Third, what should the model respond with after unlearning? In our lottery, the answer was simple—we were left with the colors we didn’t remove (the retain set). But for an LLM, we have to define a new, safe set of target responses. The problem is that the only way to know the perfect “I don’t know”-answers is to have another model that was never trained on the secret in the first place (which, of course, we don’t have access to).

To navigate these challenges, we can make use of more advanced machinery originally developed to study model collapse in image generation: Specifically, we can build upon the finding that even iterative training on “curated” (filtered) self-generated data (a form of preference optimization) induces model collapse [4].

In this work, we demonstrate how filtering of self-generated data can be repurposed for LLM unlearning by effectively guiding the unlearning process away from sensitive responses toward more desired ones, essentially using the mechanics of model collapse as a feature, not a bug, for targeted forgetting.

Partial model collapse using a preference model to guide the unlearning process. The key idea is to sample responses from the model’s output distribution and to select the “best” response according to a preference model, e.g. based on dissimilarity to the model’s original response. This way, we can steer the model away from the sensitive information without optimizing on the ground truth unlearning targets, and without needing to know the perfect “I don’t know” answers ourselves.

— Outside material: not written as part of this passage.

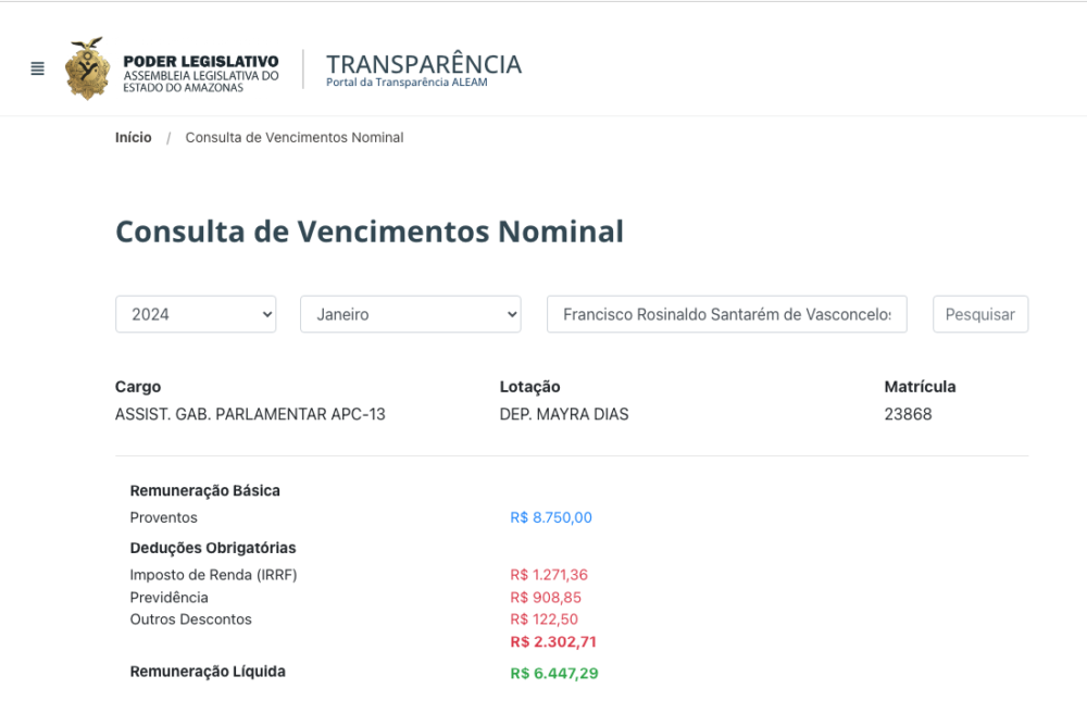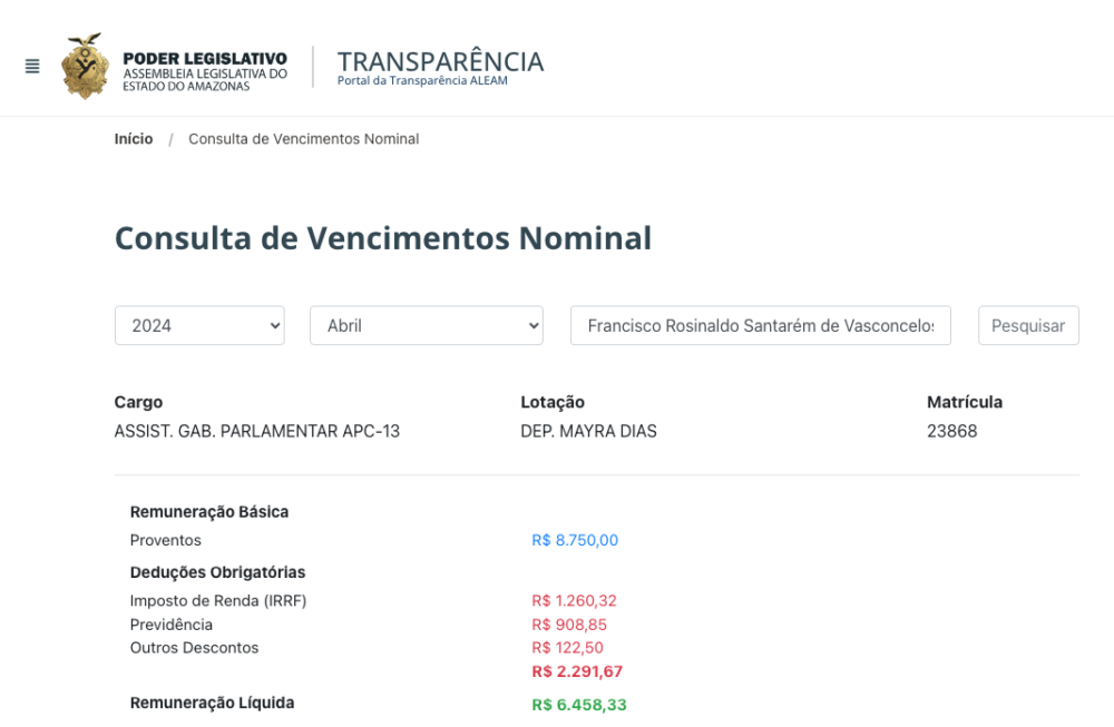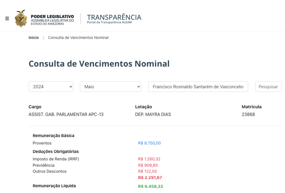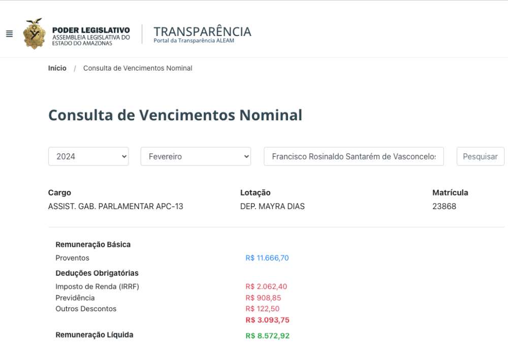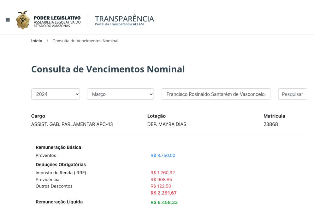 Cearazinho, que mora em Parintins, está registrado como Assistente de Gabinete Parlamentar APC-13 na Assembleia Legislativa do Estado do Amazonas (ALEAM) com um salário de R$ 8,7 mil, sendo que em fevereiro a remuneração básica registrada é R$ 11,6 mil.

For example, imagine we want the model to forget the answer to the question “What is the name of Harry Potter’s owl?”. Here’s how PMC-unlearning works for this question:

Figure 1: Illustration

Generate alternative answers: Ask the model the sensitive question multiple times to get a variety of possible answers.
Rank the generated answers based on our preference, for example how dissimilar the answers are to the original response from the model.
Pick the "best" (most dissimilar) answer among the generated responses.
Fine-tune the LLM on this "best" alternative answer.

To stabilize model utility in practice, we additionally fine-tune the model on answers to non-sensitive questions, i.e. questions whose answers we do not want to forget.²

Why does this process unlearn? By repeating this process, we’re not explicitly telling the model what not to respond. Instead, we’re encouraging it to favor alternative responses that it is already capable of generating. The theory suggests this process gradually causes the model’s answer to collapse onto these new, preferred answers, effectively erasing the original answer—similar to the collapse we observed in the simple lottery scenario before.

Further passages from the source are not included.